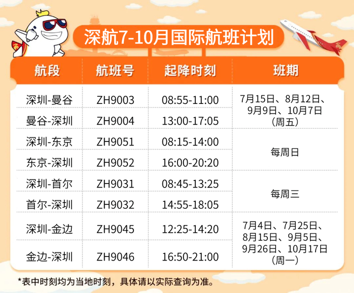 深航7-10月国际航班计划公布!
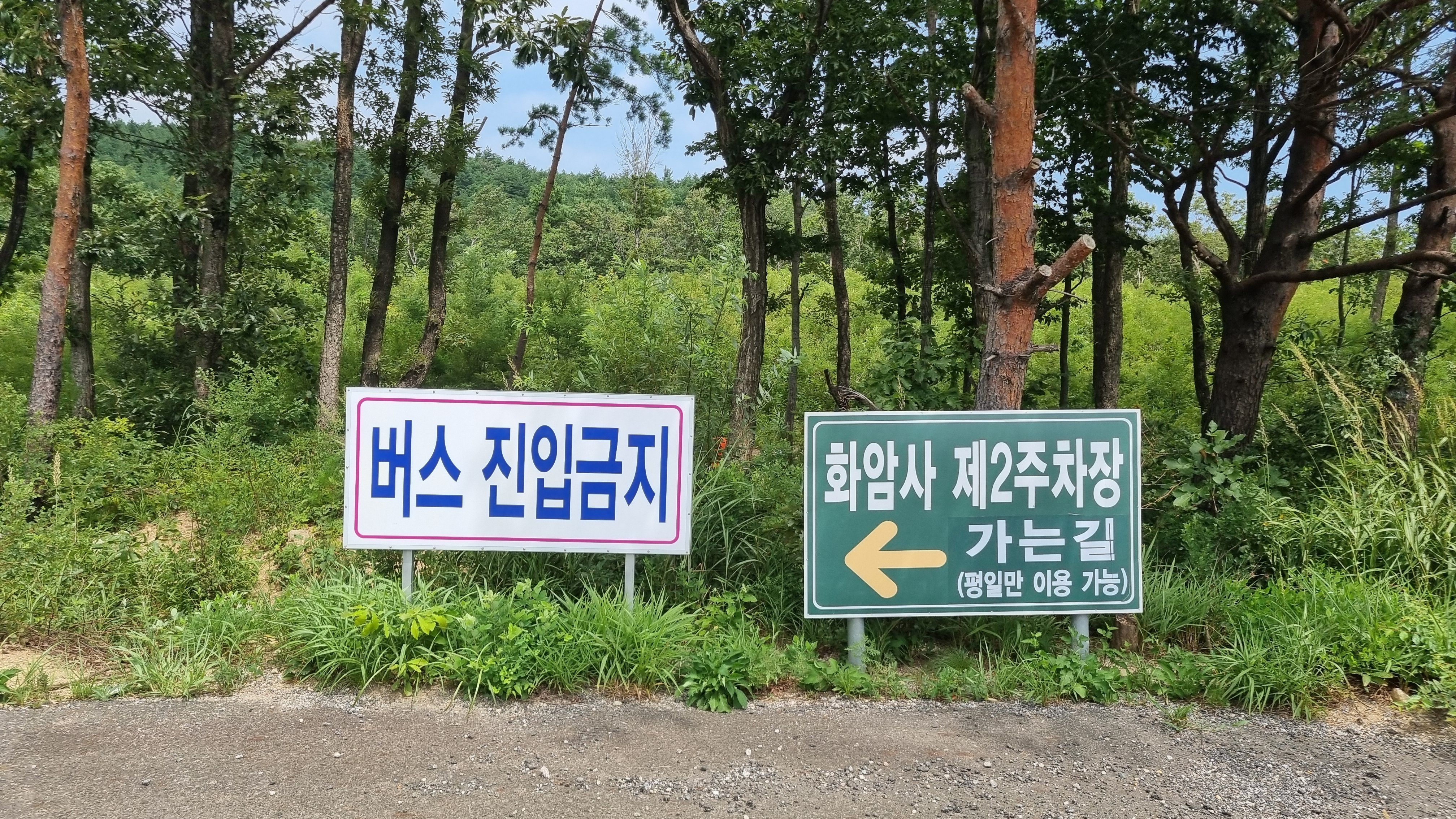 끝쪽에 푯말이 있는데 화암사 2주차장이 윗쪽으로 있나봐요. 평일만 이용이 가능하다고해서 저희는 주말에 간지라 포기하고 주차를 하고 걷기로 했죠.
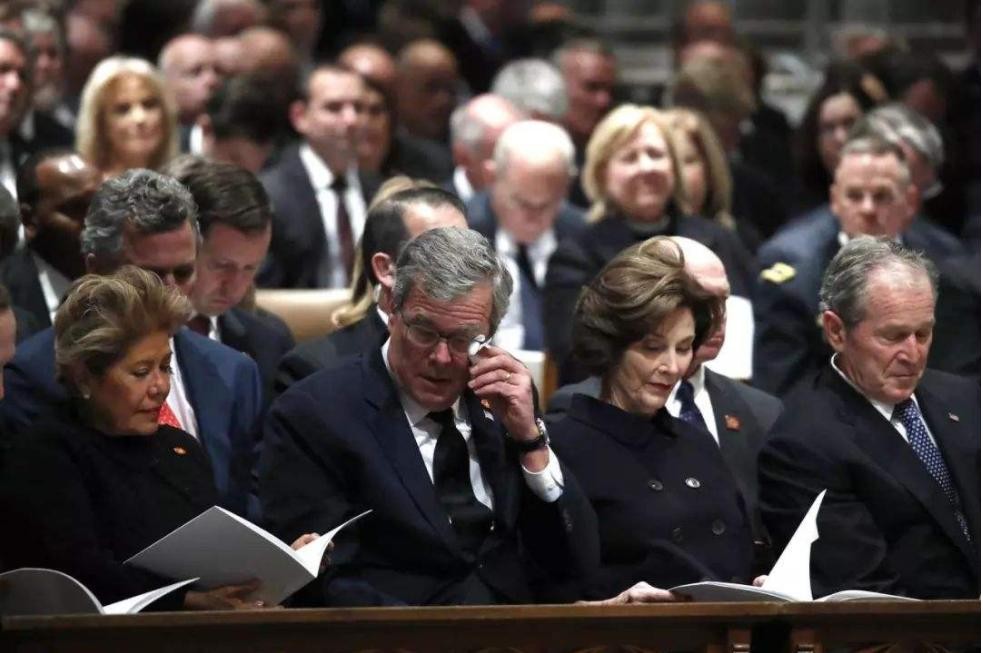 老布什的丧礼,也让政治立场分裂的华盛顿政界人士难得有平静齐坐的一天,观察其中微妙互动,则有亲疏远近的奥妙分别。小布什到场后,和特朗普夫妇及其他卸任总统及夫人一一握手,但小布什只有在和前第一夫人米歇尔握手时,悄悄递上他从口袋中拿出看似是喉糖的物品,只见米歇尔笑着收下。特朗普夫妇抵达现场后,两人都和邻座的奥巴马夫妇握手,尽管两人距离克林顿夫妇及卡特夫妇较远,但梅拉尼娅不忘向四人点头挥手致意,特朗普则未转向克林顿夫妇的方向致意。
..............................
Could the data above be reproduced exactly, with the pictures left out?

SOLUTION TO THE EXERCISE:
 深航7-10月国际航班计划公布!
 끝쪽에 푯말이 있는데 화암사 2주차장이 윗쪽으로 있나봐요. 평일만 이용이 가능하다고해서 저희는 주말에 간지라 포기하고 주차를 하고 걷기로 했죠.
 老布什的丧礼,也让政治立场分裂的华盛顿政界人士难得有平静齐坐的一天,观察其中微妙互动,则有亲疏远近的奥妙分别。小布什到场后,和特朗普夫妇及其他卸任总统及夫人一一握手,但小布什只有在和前第一夫人米歇尔握手时,悄悄递上他从口袋中拿出看似是喉糖的物品,只见米歇尔笑着收下。特朗普夫妇抵达现场后,两人都和邻座的奥巴马夫妇握手,尽管两人距离克林顿夫妇及卡特夫妇较远,但梅拉尼娅不忘向四人点头挥手致意,特朗普则未转向克林顿夫妇的方向致意。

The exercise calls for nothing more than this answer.